First, let's find out what table exists in the synthetic schema.

In [None]:
# The exercise states "the table is the only table in the schema"
# We need to discover the table name. Let's use ATTACH to query information_schema

# Attach the PostgreSQL database to DuckDB
conn.execute(f"ATTACH '{postgres_conn_string}' AS postgres_db (TYPE POSTGRES, READ_ONLY);")

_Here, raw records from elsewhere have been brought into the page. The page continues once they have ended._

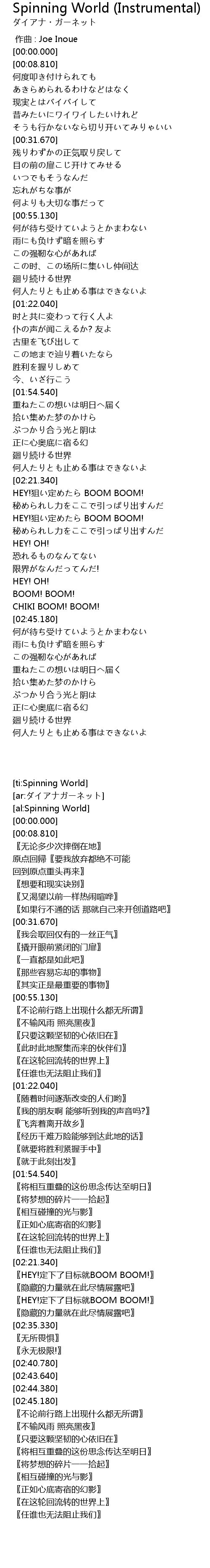 | [03:15.230] | 廻り続ける世界 |
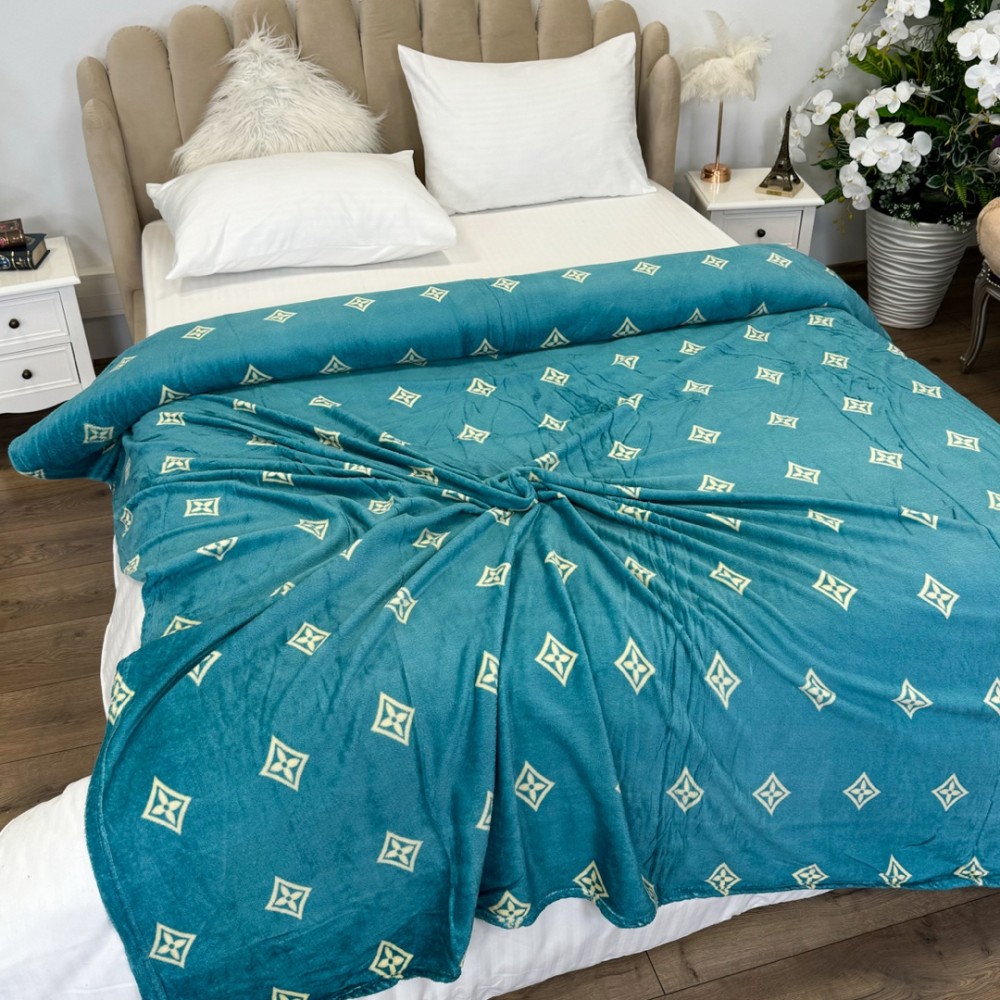 Patura pufoasa cocolino 200x230cm, 240g/mp, Turcoaz deschis, stelute, Super Design Pucioasa, cod produs: YJP11
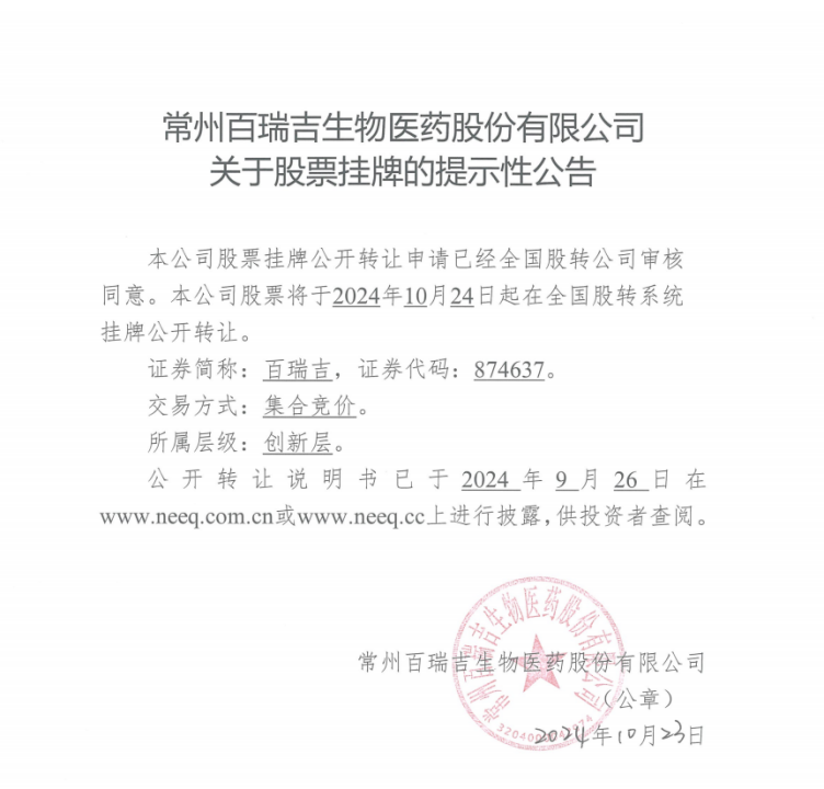 2024年10月23日,百瑞吉发布公告称,公司股票挂牌公开转让申请已通过,将于2024年10月24日起,在新三板创新层挂牌,证券代码874637。

# Query information_schema to find tables in the synthetic schema
result = conn.execute("""
    SELECT table_name
    FROM postgres_db.information_schema.tables
    WHERE table_schema = 'synthetic'
      AND table_type = 'BASE TABLE'
""").fetchall()

print("Tables in synthetic schema:")
for table in result:
    print(f"  - {table[0]}")

# Get the first (and only) table name
table_name = result[0][0] if result else None
print(f"\nUsing table: {table_name}")

### 2. Run a Sample Query and Compare Times

In [None]:
# Now query using postgres_scan (3 arguments: connection, schema, table)
print("Querying REMOTE PostgreSQL database...")
start_remote = time.time()

remote_result = conn.execute(f"""
    SELECT domain, COUNT(*) as article_count
    FROM postgres_scan('{postgres_conn_string}', 'synthetic', '{table_name}')
    WHERE date >= '2023-01-01' AND date < '2023-02-01'
    GROUP BY domain
    ORDER BY article_count DESC
    LIMIT 10
""").df()

remote_time = time.time() - start_remote

print(f"Remote query completed in {remote_time:.2f} seconds")
print("\nTop 10 domains (remote):")
print(remote_result)

In [None]:
# Query the LOCAL CSV file with the same query
print("\n" + "=" * 60)
print("Querying LOCAL CSV file...")
start_local = time.time()

local_result = conn.execute("""
    SELECT domain, COUNT(*) as article_count
    FROM read_csv_auto('../data/cc_news_large.csv')
    WHERE date >= '2023-01-01' AND date < '2023-02-01'
    GROUP BY domain
    ORDER BY article_count DESC
    LIMIT 10
""").df()

local_time = time.time() - start_local

print(f"Local query completed in {local_time:.2f} seconds")
print("\nTop 10 domains (local):")
print(local_result)

In [None]:
# Summary comparison
print("\n" + "=" * 60)
print("TIMING COMPARISON:")
print("=" * 60)
print(f"Remote PostgreSQL: {remote_time:.2f} seconds")
print(f"Local CSV:         {local_time:.2f} seconds")
print(f"Difference:        {abs(remote_time - local_time):.2f} seconds")
print(f"Ratio:             {remote_time/local_time:.2f}x")

if remote_time > local_time:
    print(f"\nRemote was {remote_time/local_time:.2f}x SLOWER than local")
else:
    print(f"\nRemote was {local_time/remote_time:.2f}x FASTER than local")

### 3. Why is there a difference in times?

**Key factors affecting remote database query performance:**

#### Network Latency & Bandwidth
- **Remote:** Data must travel over the internet from `liip.econai.org` to your machine
- **Local:** Data is read from your local disk (or even RAM/cache)
- Network latency adds 10-200ms per round trip, and large result sets are limited by bandwidth

#### Server-Side Processing vs Client-Side
- **Remote PostgreSQL:** The database server does filtering, aggregation, and sorting on its hardware
- **Local CSV with DuckDB:** Your laptop CPU/RAM does all the processing
- If the server has better hardware or the data is already indexed, remote can be faster

#### Data Transfer Volume
- **Smart query:** If you filter early and only transfer 10 rows, network overhead is minimal
- **Large result set:** If you transfer millions of rows, bandwidth becomes the bottleneck
- The `LIMIT 10` in our query means we only transfer 10 rows, reducing network impact

#### Typical Observations:
1. **Remote is SLOWER when:**
   - Network latency is high
   - Result sets are large (millions of rows to transfer)
   - Server is under heavy load
   - Query is simple (less benefit from server-side processing)

2. **Remote can be FASTER when:**
   - Data is pre-indexed on the server
   - Server has much better hardware (more RAM, faster CPUs)
   - Local disk I/O is slow
   - Query is complex (server does heavy computation, returns small result)
   - Multiple clients share the same data (no duplication)

#### In This Exercise:
The 16GB CSV file takes time to scan locally. If the PostgreSQL server has indexed the `date` column and has sufficient RAM to cache the table, it might actually be faster despite network overhead. However, for ad-hoc analytics on CSV-like data, local processing with DuckDB typically wins.